Issues in China, but the company will bounce back
Growing cases of avian flu in China has made Yum! Brands a little unpopular in the short term. Around 50% of Yum!’s business comes from China. This has naturally been a point of concern for investors. But, let us consider this fact. 70% of Yum!’s operating profit comes from its international business division. The company’s huge international presence is its primary growth catalyst and that is what has been making the company’s growth valuations sustainable. In 2011, Yum! Brands, Inc. (NYSE:YUM) also faced a dip in sales and has bounced back quite strongly. There are still plenty of markets to explore. Even existing markets are not saturated yet. With such a strong brand equity, Yum! will definitely curve its way out and confirm its dominance once again.

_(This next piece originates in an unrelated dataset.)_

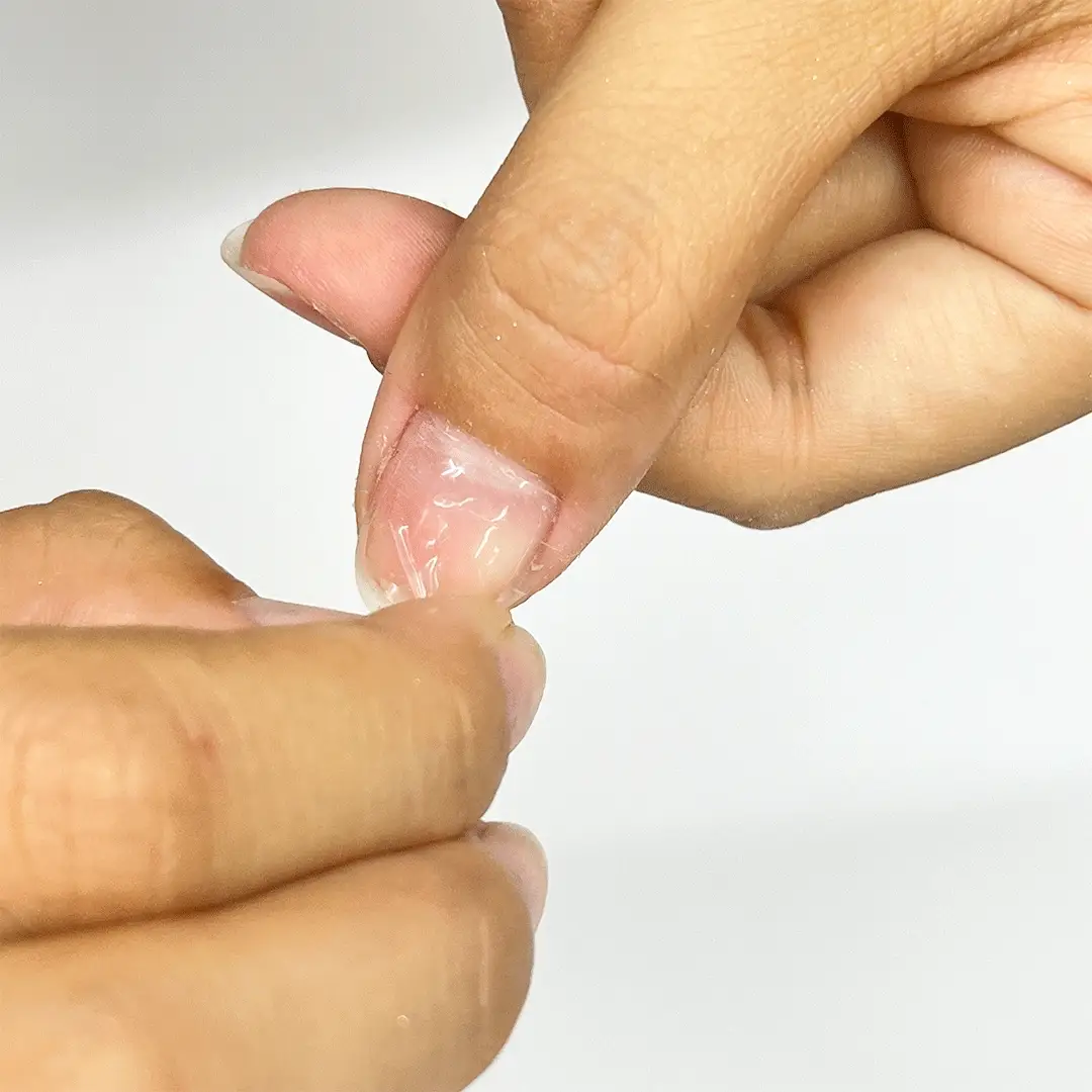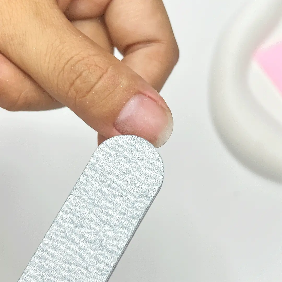 File your nails, ensuring the entire nail bed is filed to create a rough surface. This step is crucial for helping your nails stay on longer.

McDonald’s Corporation (NYSE:MCD) is a tough competitor for Yum! Brands, Inc. (NYSE:YUM) as it is evenly spread globally while Yum! relies too heavily on the Chinese market. Yum! should keep a close eye on McDonald’s Corporation (NYSE:MCD) as it is planning to open more than 1,500 restaurants around the world and has further expansion plans in the pipeline. McDonald’s adjusts itself pretty well with the local tastes, both in terms of menu offerings and price. Notwithstanding the economic downturn, the company’s revenue rose which suggests that it is economy-resistant. Both Yum! Brands, Inc. (NYSE:YUM) and McDonald’s were affected due to the demand slump in China, but McDonald’s Corporation (NYSE:MCD) came out of it faster. The company’s stock has good fundamentals and with several expansion plans down the line, McDonald’s has strong growth prospects too.